Prompt
Would you return exactly the lines below from the line with "Mexen Gaspar gránit" through the line with "中道・小川淳也代表「2人にし", both included, and nothing else, leaving out the pictures?

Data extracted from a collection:
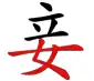 qiè « concubine » → « femme » + 立 « debout » ; la concubine n'est pas une épouse en titre et a rang d'attendante, de servante.
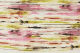 Kiko Sunset is linen blend fabric with a printed contemporary design in colors including pink, green, white and gray.
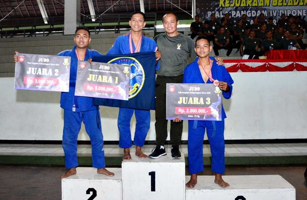 KOTA SEMARANG JATENG, Suara Jelata – Atlet Beladiri Judo Yonarmed 3/NP Prada Muhammad Bahrul Alam meraih Juara III pada Kejuaraan Beladiri Piala Pangdam IV/Diponegoro. Kejuaraan digelar di GOR Patriot, Jalan Perintis Kemerdekaan No. 156, Pudakpayung, Kecamatan Banyumanik, Kota Semarang, Jawa Tengah, Rabu (20/09/2023).
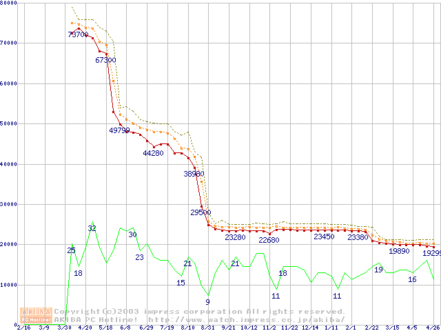 Socket 478 (micro-PGA,FSB 400MHz,L2 512KB,Northwood)の最安値推移
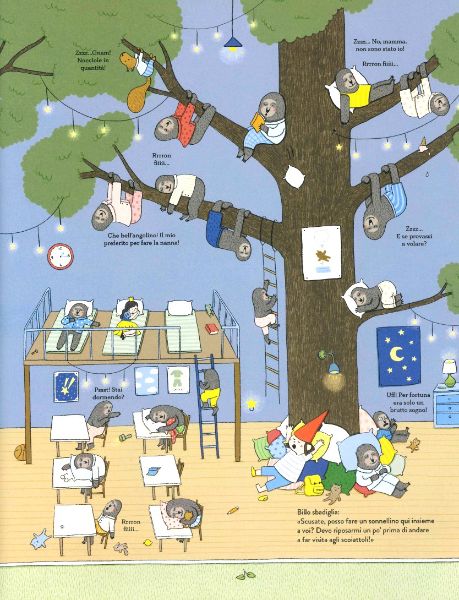 Prima tappa alla scuola dei topolini, chiassosi e un po' disordinati ma anche molto ingegnosi, poi è la volta dei coniglietti che vanno a scuola sotto un campo di carote: dove altrimenti?
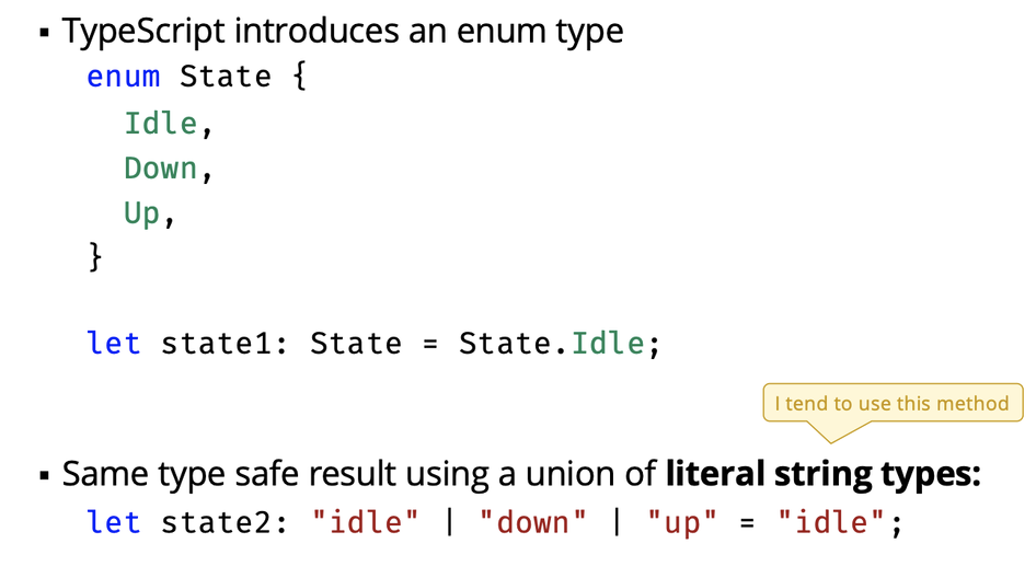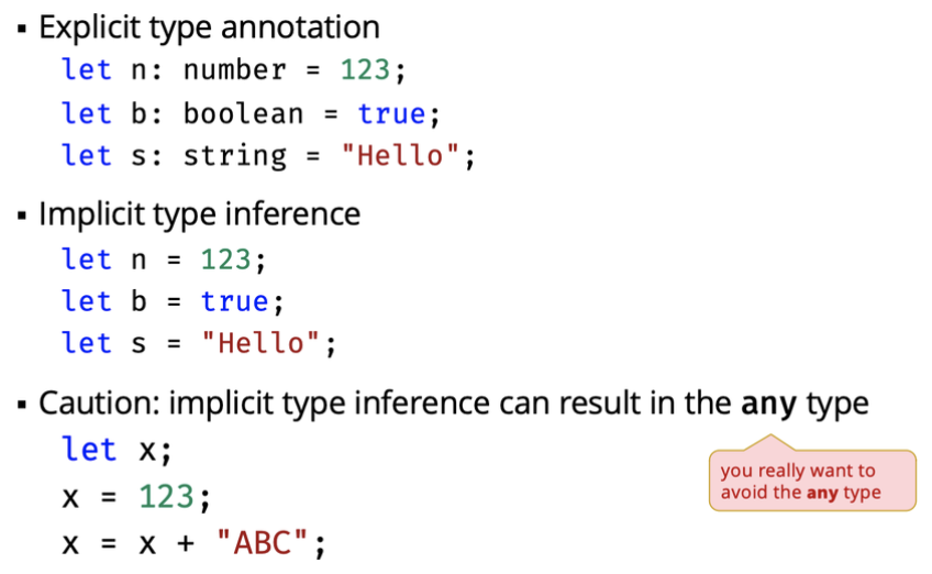 - When you don’t give the variable an explicit type annotation, or an initial value so it can do implicit type inference, it’s the
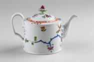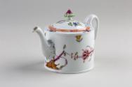 About MeHandpainted cylindrical porcelain teapot with a mixture of East Asian and European style decoration of birds and flowers and a moulded knop with grapes on the cover. This teapot demonstrates the interest in East Asian or chinoiserie designs at this time in Europe.More About Me
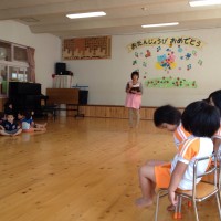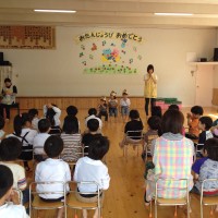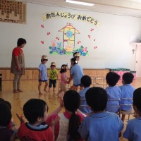 5月27日 5月生まれのお友だちのお誕生会が行われました。 主役の子どもたちは、みんなに「おたんじょうび、おめ …
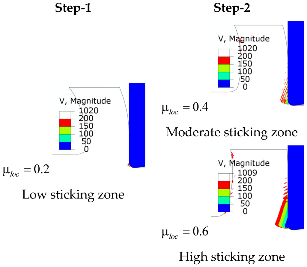 One possible mechanism of BUE formation is an abrupt change of the friction at the tool–chip interface. Two successive steps are then defined. In the first one (step 1), the cutting process was simulated with COF equal 0.2. In the followed step (step 2), the simulation is continued with COF equal 0.4 or 0.6. The impact of this abrupt change of COF on BUE formation is highlighted in Figure 12, through the work material flow velocity at the secondary shear zone. It can be deduced from Figure 12 that the work material flow velocity is affected by the increase of COF. The change in work material flow is more pronounced for a higher COF in the second step (i.e., COF = 0.6). The sticking zone becomes large as the friction is higher. For the low friction, (COF = 0.2 in step 1) a negligible sticking zone can be noticed and, consequently, no BUE can form. Therefore, it can be deduced that a change in the nature of the tool-work material contact have a direct effect on the BUE formation.
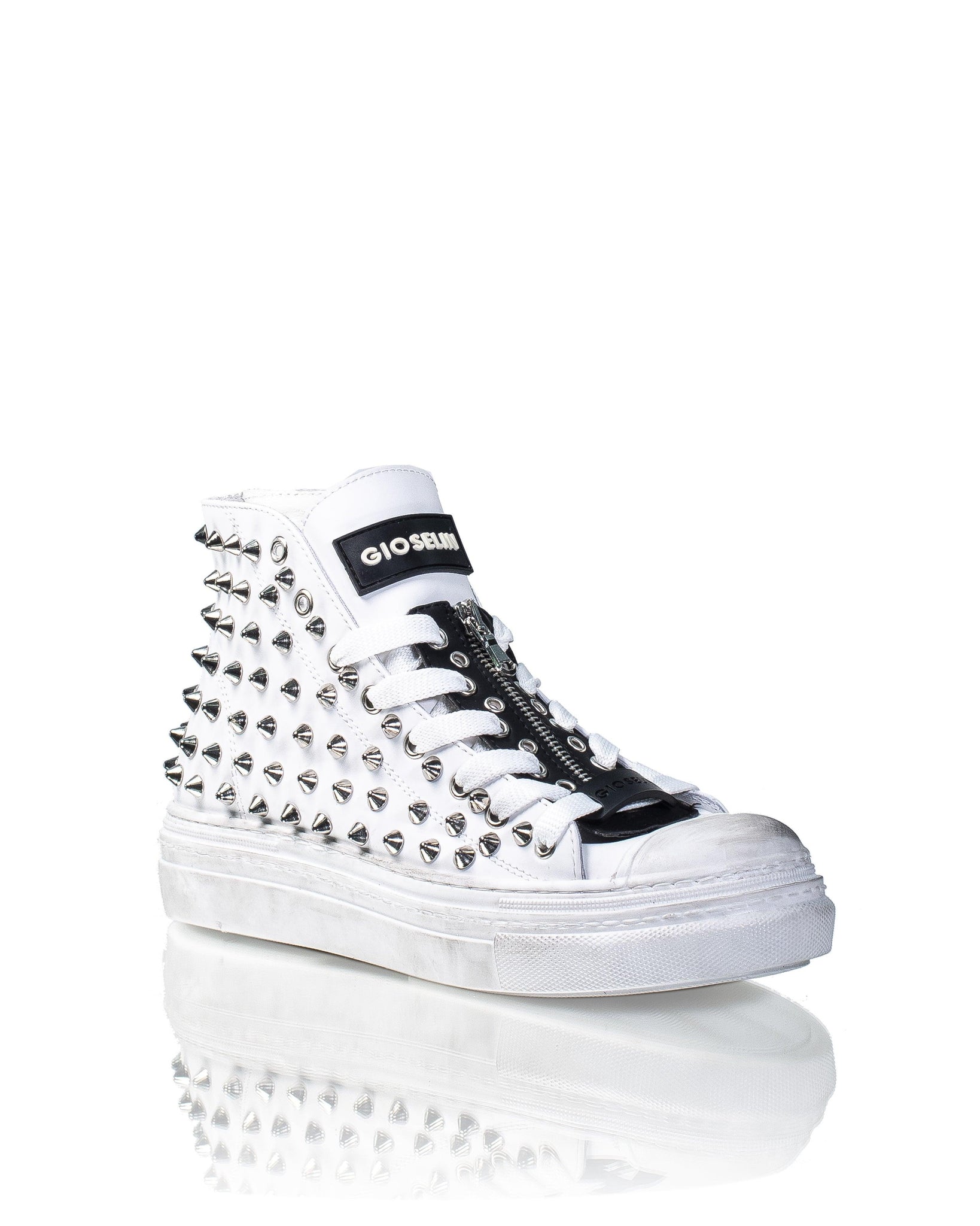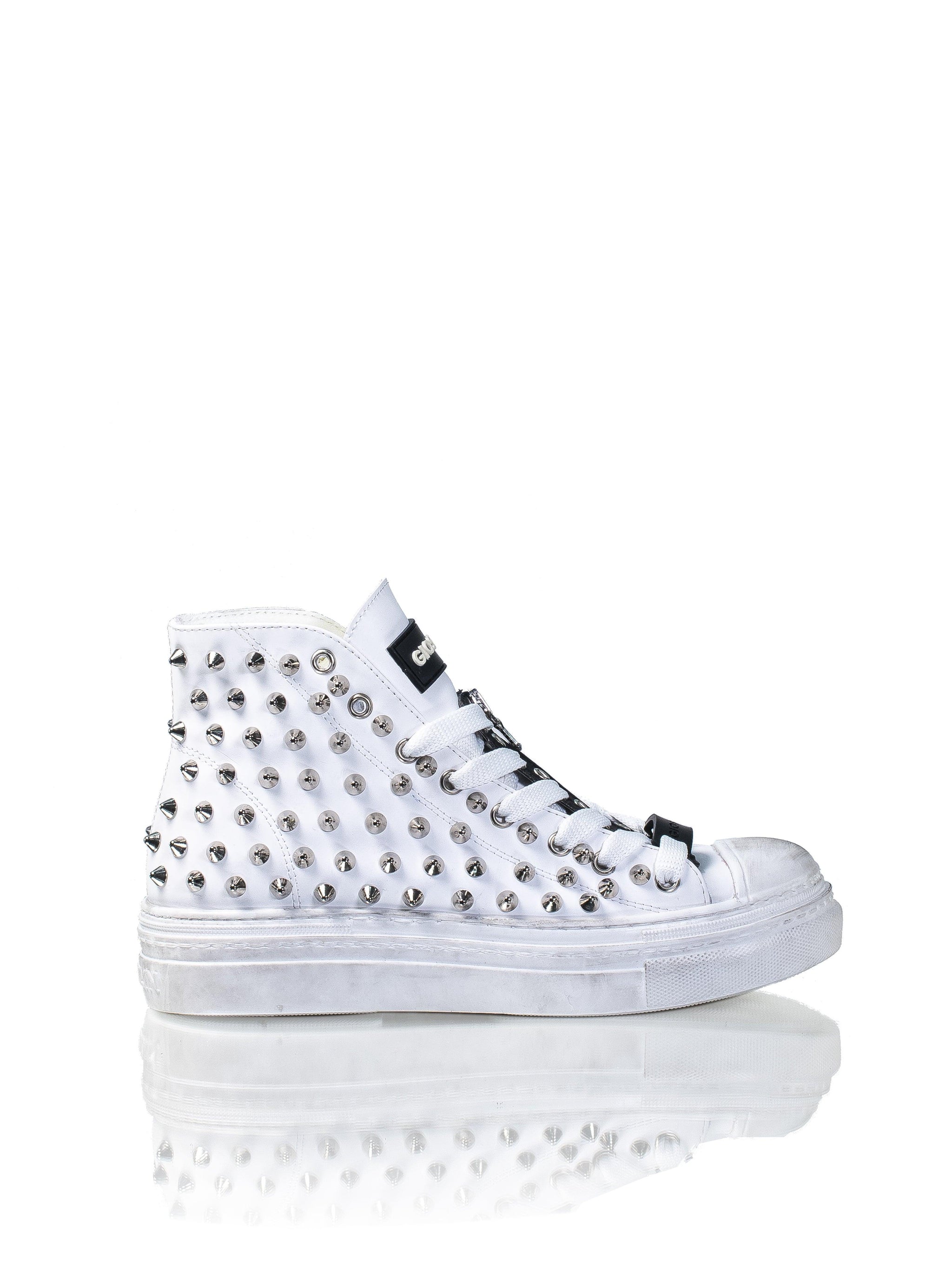 Bei diesen Sneakern handelt es sich nicht nur um ein einfaches Paar Schuhe; sie sind ein Kunstwerk. Mit ihren auffälligen und silberfarbenen Nickelnieten werden Sie bei jedem Schritt die Aufmerksamkeit aller auf sich ziehen. Die Zunge ermöglicht ein einfaches Anziehen, während das Schnürmodell für einen sicheren Sitz sorgt. Die dicke, konturierte Sohle bietet außergewöhnlichen Komfort und verleiht Ihrer Körpergröße dank ihrer Höhe von 5 cm eine zusätzliche Note.
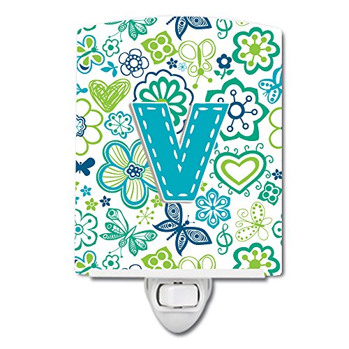 Caroline's Treasures Letter V Flowers and Butterflies Teal Blue Ceramic Night Light, 6 x 4", Multicolor
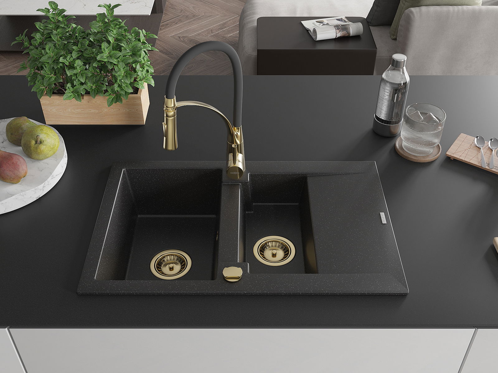Mexen Gaspar gránit 1,5-medencés mosogató csepegtetővel és Aster konyhai csapteleppel, fekete/ezüst - 6507-73-73450-57-G
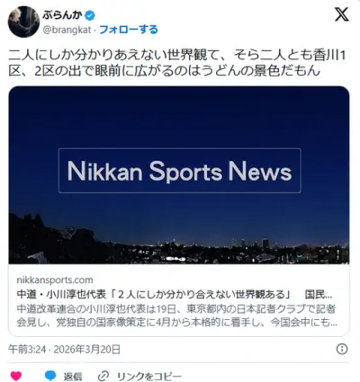 中道・小川淳也代表「2人にしか分かり合えない世界観ある」 国民・玉木雄一郎代表にラブコール
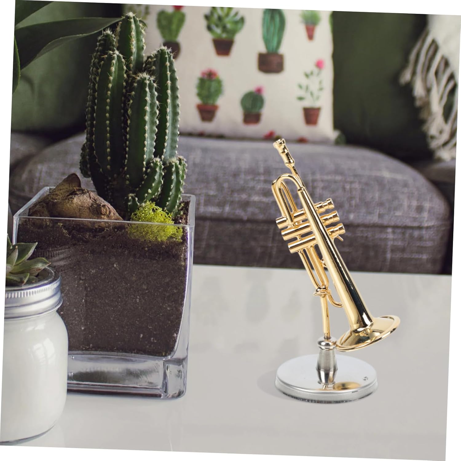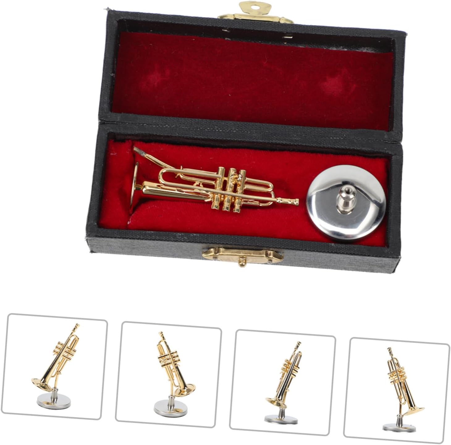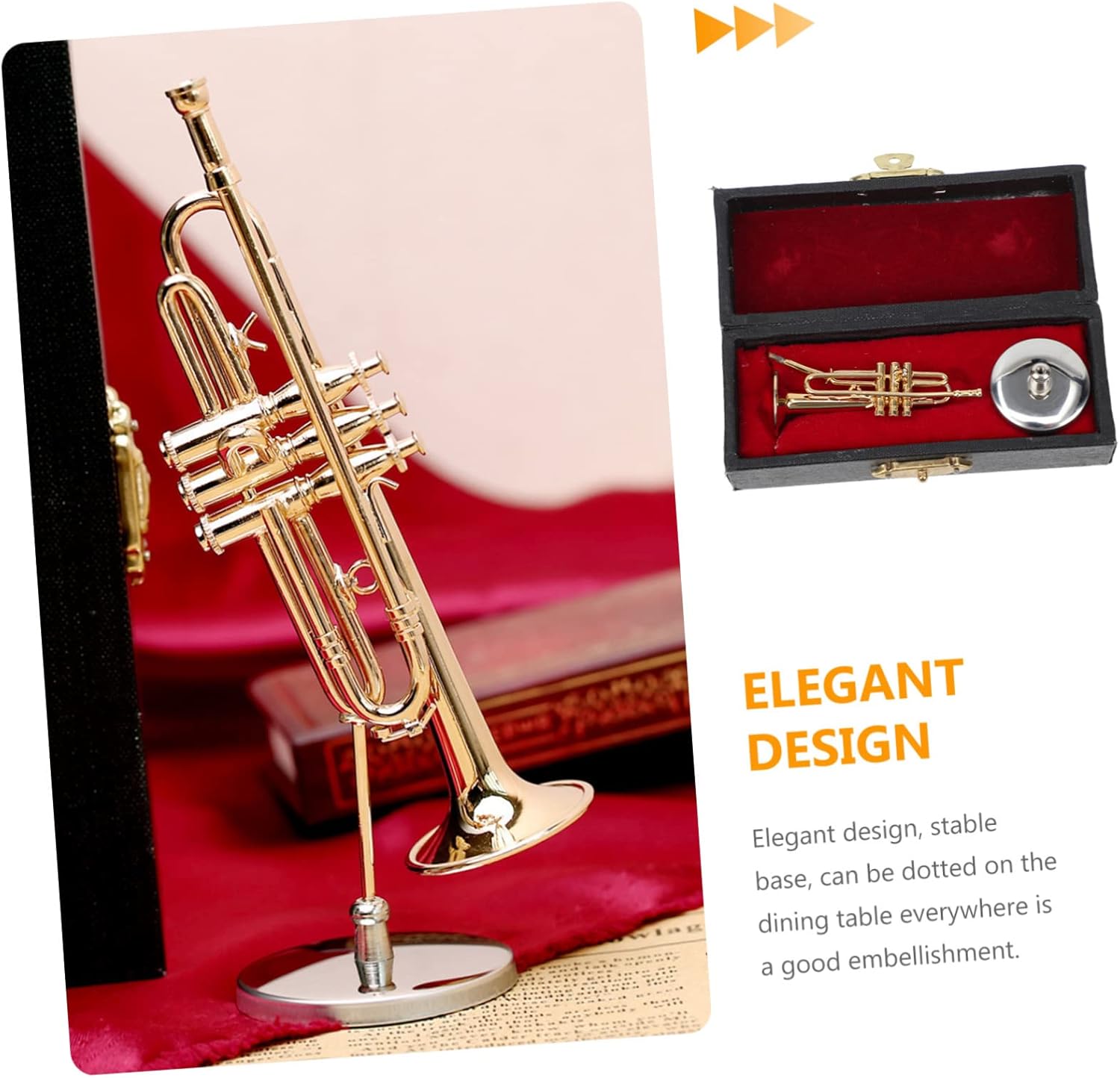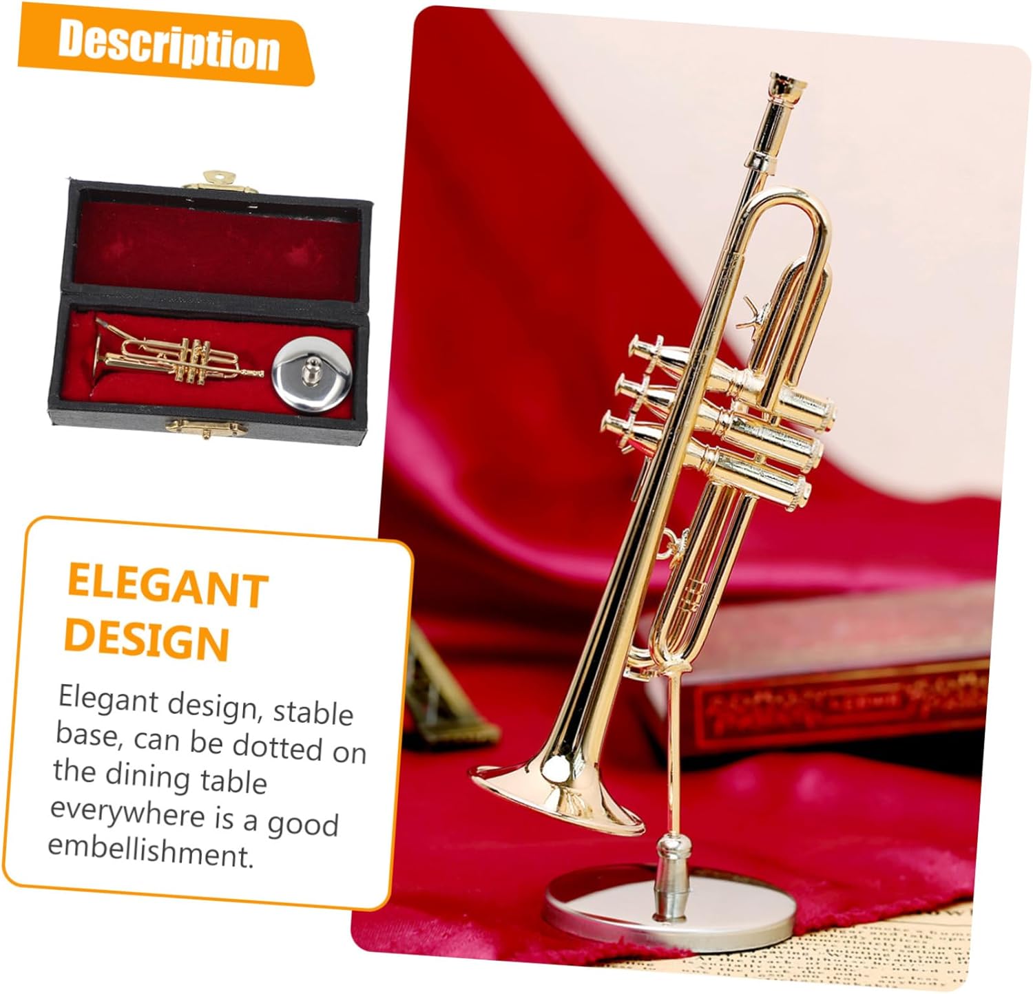 Modello di strumento a fiato con supporto: i giocattoli simulati di strumenti musicali possono concentrare l'attenzione dei bambini e coltivare l'interesse dei bambini per la musica. Strumenti a fiato decorativi: artigianato squisito, la superficie è accuratamente lucidata, sensazione di mano liscia, linee bellissime. Modello di tromba di simulazione: una riproduzione in miniatura molto raffinata della tromba, con stile realistico e pregevole fattura. Mini modello di strumento musicale: questa utile decorazione musicale può essere utilizzata come supporto per la fotografia decorativa in casa, ma stai attento. Tromba con supporto: la superficie è lucida e liscia, e strutturata. posizionato saldamente e ben visualizzato.

Written solution
Mexen Gaspar gránit 1,5-medencés mosogató csepegtetővel és Aster konyhai csapteleppel, fekete/ezüst - 6507-73-73450-57-G
 中道・小川淳也代表「2人にしか分かり合えない世界観ある」 国民・玉木雄一郎代表にラブコール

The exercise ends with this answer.